Providers (who develop or place AI on the market) bear primary responsibility for classification. But deployers (who use AI under their authority) must also verify the classification, especially if they change the intended purpose of a system.
Importers and distributors must verify that the provider has completed classification and compliance procedures before making the system available in the EU. All personnel involved in classification should have completed AI literacy training under Article 4.
How to classify: step by step
1. Inventory your AI systems
List every system that uses machine learning, deep learning, or inference-based logic. Include third-party AI components integrated into your products.
2. Screen for prohibited practices
Check each system against Article 5 prohibitions. If any system falls in this category, it must be decommissioned immediately.
3. Check Annex I (product safety)
Determine if your AI system is a safety component of a product covered by EU harmonisation legislation that requires third-party conformity assessment.
4. Check Annex III (use-case based)
Map your system's intended purpose against the 8 Annex III categories. A system is high-risk if its intended use falls within any of these areas.
5. Apply the Article 6(3) exception
Even if listed in Annex III, a system is NOT high-risk if it does not pose a significant risk of harm and is used for narrow procedural tasks, to improve a human decision, or for preparatory tasks only.
6. Document your reasoning
Record the classification decision, the criteria applied, and the evidence supporting it. This audit trail protects you regardless of the outcome.
Common classification mistakes
- Assuming rule-based systems are automatically out of scope — hybrid systems with ML components are in scope.
- Classifying based on the technology instead of the intended purpose and deployment context.
- Overlooking AI components embedded in third-party SaaS tools your organisation uses.
- Ignoring the Article 6(3) exception and over-classifying systems as high-risk unnecessarily.
- Treating classification as a one-time exercise — reclassification is required after significant modifications.
How ActLoom automates classification
- AI-powered classifier — register your system and get an instant risk classification with documented reasoning chain.
- Article 6(3) exception check — automatically evaluates whether your system qualifies for the exception, avoiding unnecessary compliance burden.
- Audit-ready documentation — classification decisions are logged with timestamps, criteria, and evidence for regulator inspection.
- Change monitoring — get alerts when system modifications may require reclassification.
Related resources
Frequently asked questions
- What are the 4 risk levels in the EU AI Act?
- Unacceptable (banned under Article 5), High (full compliance + CE marking), Limited (transparency obligations), and Minimal (no mandatory requirements).

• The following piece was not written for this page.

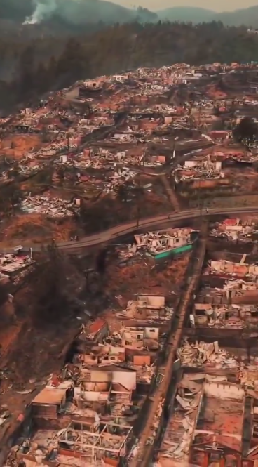 Появились кадры разрушений в чилийском городе Пунта-де-Парра, пострадавшем от сильнейших лесных пожаров в регионе Био-Био.

- How do I know if my AI system is high-risk?
- If it is a safety component of a product requiring third-party conformity assessment (Annex I), or its intended purpose falls in one of the 8 Annex III categories. The Article 6(3) exception may apply for narrow procedural tasks.
- What is the Article 6(3) exception?
- Even if listed in Annex III, a system is NOT high-risk if it poses no significant risk of harm and is used for narrow procedural tasks, to improve a human decision, or for preparatory tasks only. This must be documented.
- What are the consequences of misclassification?
- Classifying too low risks fines up to €15 million or 3% of global turnover. Classifying too high wastes resources. Classification must be reviewed after significant system modifications.
- Who is responsible for classification?
- Providers bear primary responsibility. Deployers must verify, especially when changing intended purpose. Importers and distributors must verify before distributing in the EU.